**Instructions for the task**
The expected output is every line of the data exactly as shown, minus the images.
** Opening Raw data block **
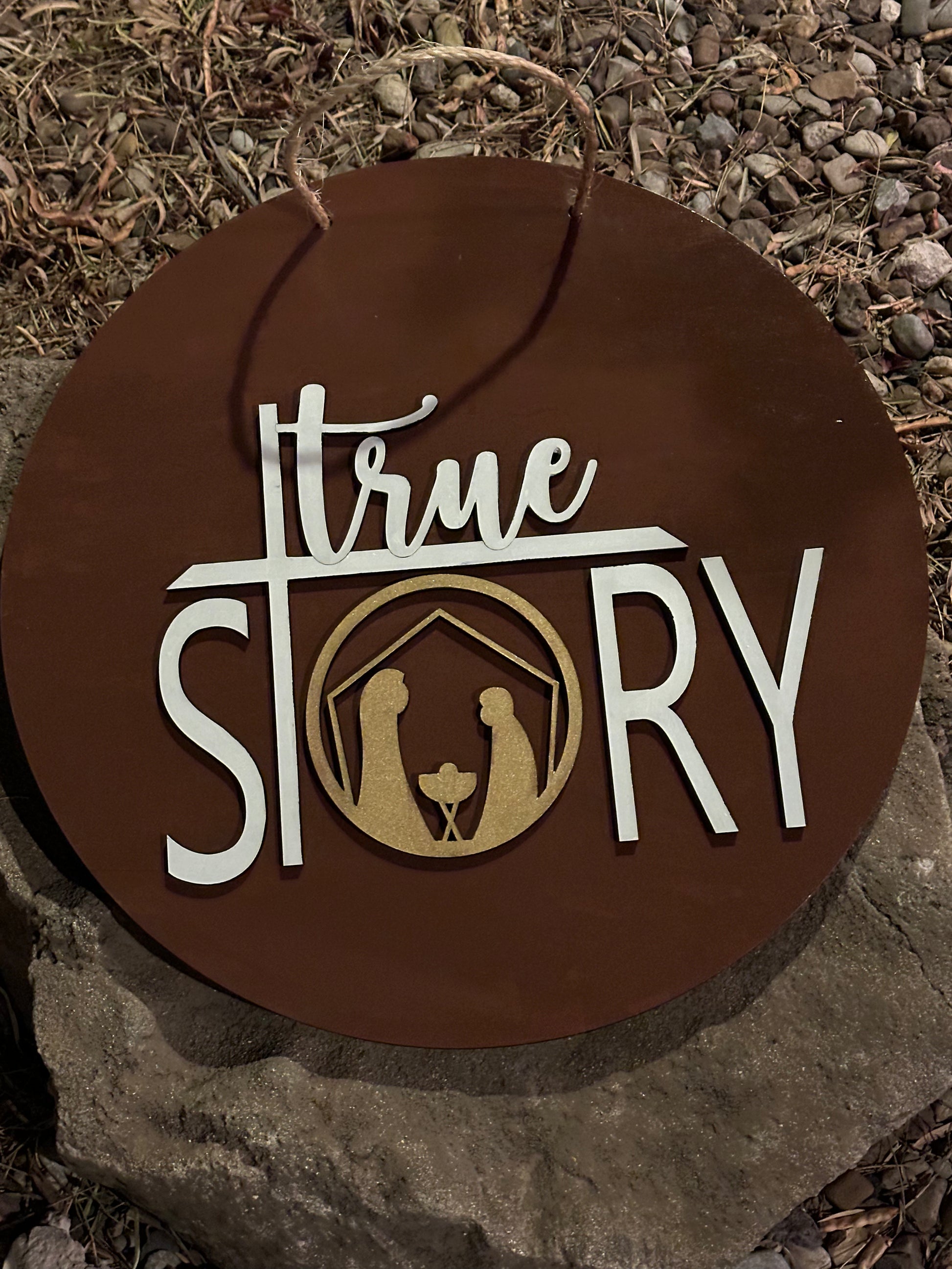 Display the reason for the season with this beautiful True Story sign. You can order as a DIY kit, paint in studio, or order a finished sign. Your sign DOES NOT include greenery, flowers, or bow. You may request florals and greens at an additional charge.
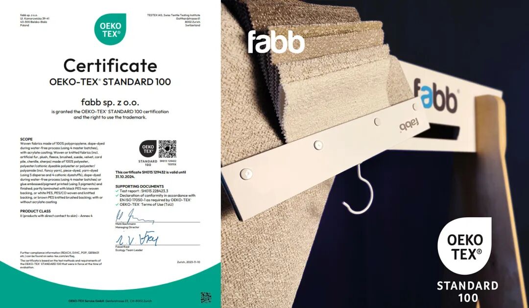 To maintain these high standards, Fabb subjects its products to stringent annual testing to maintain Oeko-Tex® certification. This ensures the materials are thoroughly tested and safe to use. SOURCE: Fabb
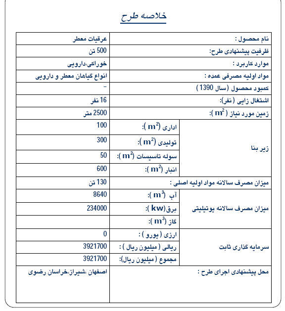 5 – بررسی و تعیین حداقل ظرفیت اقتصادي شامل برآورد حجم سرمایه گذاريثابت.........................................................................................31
** Closing Raw data block **
**Exercise result**
 Display the reason for the season with this beautiful True Story sign. You can order as a DIY kit, paint in studio, or order a finished sign. Your sign DOES NOT include greenery, flowers, or bow. You may request florals and greens at an additional charge.
 To maintain these high standards, Fabb subjects its products to stringent annual testing to maintain Oeko-Tex® certification. This ensures the materials are thoroughly tested and safe to use. SOURCE: Fabb
 5 – بررسی و تعیین حداقل ظرفیت اقتصادي شامل برآورد حجم سرمایه گذاريثابت.........................................................................................31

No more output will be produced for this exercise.